The Obama administration asserted on Monday a right to kill Americans overseas who are plotting attacks against the United States, laying out specific details for the first time about a policy that critics argue violates US and international law.
US Attorney General Eric Holder said Americans who have joined al Qaeda or its affiliates can be targeted for lethal strikes if there is an imminent threat to the United States and capturing them is not feasible. In a speech to the Northwestern University School of Law, Holder did not refer directly to the CIA drone strike last year that killed Anwar al-Awlaki, a US-born Muslim cleric who joined al Qaeda’s Yemen affiliate and directed many attacks.
“Any decision to use lethal force against a United States citizen – even one intent on murdering Americans and who has become an operational leader of al Qaeda in a foreign land – is among the gravest that government leaders can face,” he said.
“The American people can be – and deserve to be – assured that actions taken in their defense are consistent with their values and their laws,” Holder said.US officials have linked Awlaki to several plots against the United States, including the 2009 Christmas Day attempt by a Nigerian man to blow up a US commercial airliner as it arrived in Detroit from Amsterdam with a bomb hidden in his underwear.
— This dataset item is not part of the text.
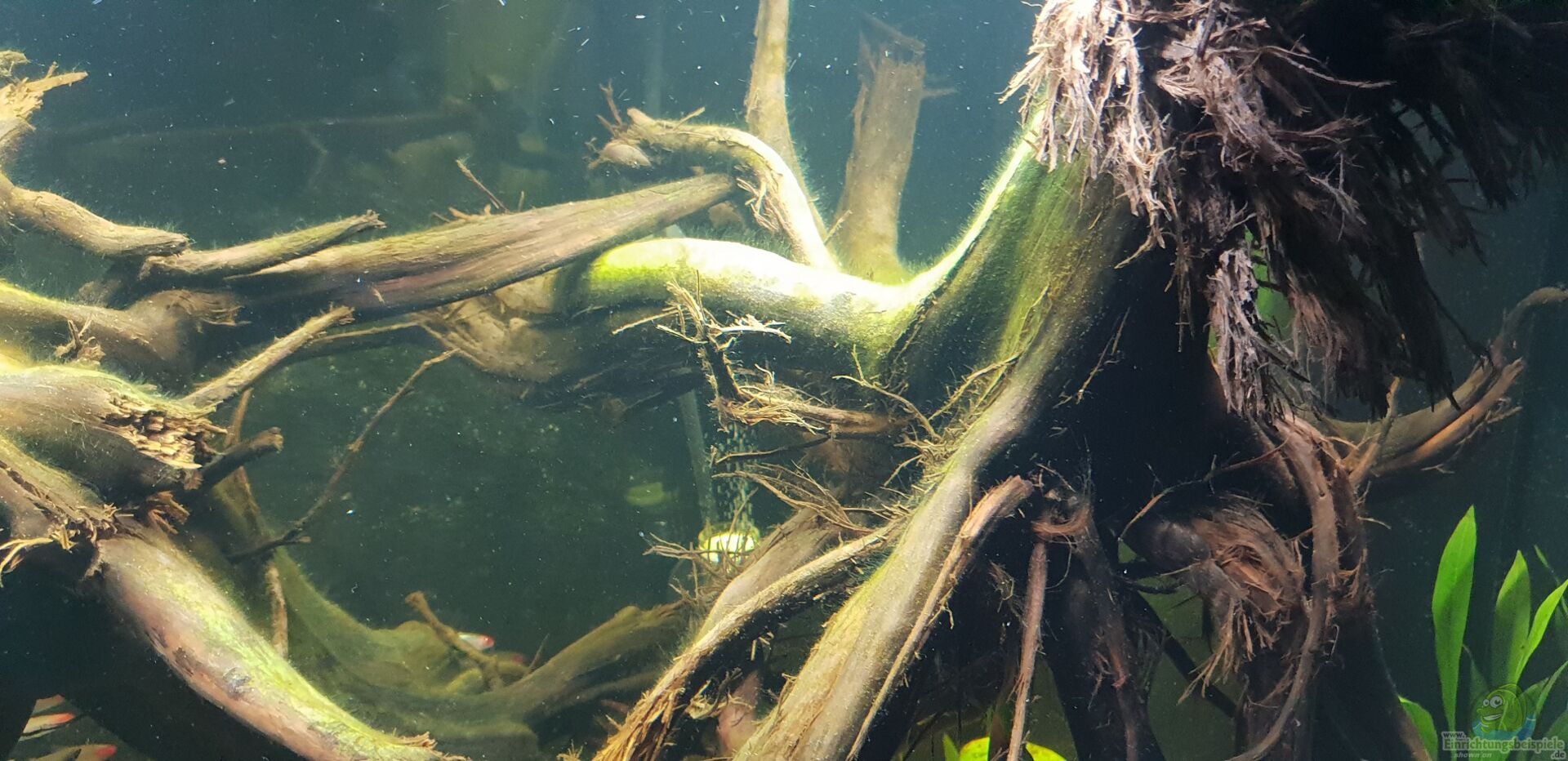 Da habe ich mich für gro??e Moorkienwurzeln entschieden. Schön verzweigt, so wirkt es natürlicher, als würden die Wurzeln der Bäume ins Wasser wachsen. Dazu noch eine JatiWurzel und schwarze Lava, diese dient als Versteck für meine maronis. Anfangs waren die noch schreckhaft, kamen nur selten raus. In der Zwischenzeit haben die sich richtig eingelebt und fühlen sich richtig wohl. Weiteres kam jede Menge Buchen und Eichenlaub dazu. So sieht es noch natürlicher aus, finde ich. [...]

Holder received a standing ovation when he entered the crowded auditorium but departed to perfunctory applause as some in the audience expressed surprise by his remarks. A question and answer session was canceled, the event organizers said.
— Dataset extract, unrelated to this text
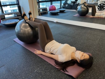 둔근 대신 허리에 힘이 들어가면 운동 효과가 줄어듭니다.

Civil liberties groups have decried the programme as effectively a green light to assassinate Americans without due process in the courts under the US constitution, a charge that Holder flatly rejected. Court approval for such strikes was unnecessary, he said, adding “the president may use force abroad against a senior operational leader of a foreign terrorist organization with which the United States is at war – even if that individual happens to be a US citizen”.
That drew sharp criticism from some in the audience. A third-year law school student, Russell Sherman, called such strikes “assassination”. Scott Hiley, a language professor at Northwestern University, said Holder employed “endlessly circular reasoning” to try to explain the policy.
President Barack Obama and his aides have fiercely defended their stand on national security in the face of criticism from Republicans in Congress and on the presidential campaign trail that terrorism suspects are treated too leniently. Holder said the use of lethal force against Americans abroad would have to comply with several principles governing the law of war, including ensuring the target was of military value and that steps were taken to limit collateral damage. “The principle of humanity requires us to use weapons that will not inflict unnecessary suffering,” he said, but added that “these principles do not forbid the use of stealth or technologically advanced weapons.”
A US official said there was fierce debate within the administration about whether Holder should give the speech, questioning if it would assuage or irritate Obama’s liberal backers who have been concerned that his policies were too close to that of his predecessor, President George W Bush.
“The targeted killing programme raises profound legal and moral questions that should be subjected to public debate, and constitutional questions that should be considered by the judiciary,” said Hina Shamsi, director of the American Civil Liberties Union’s National Security Project.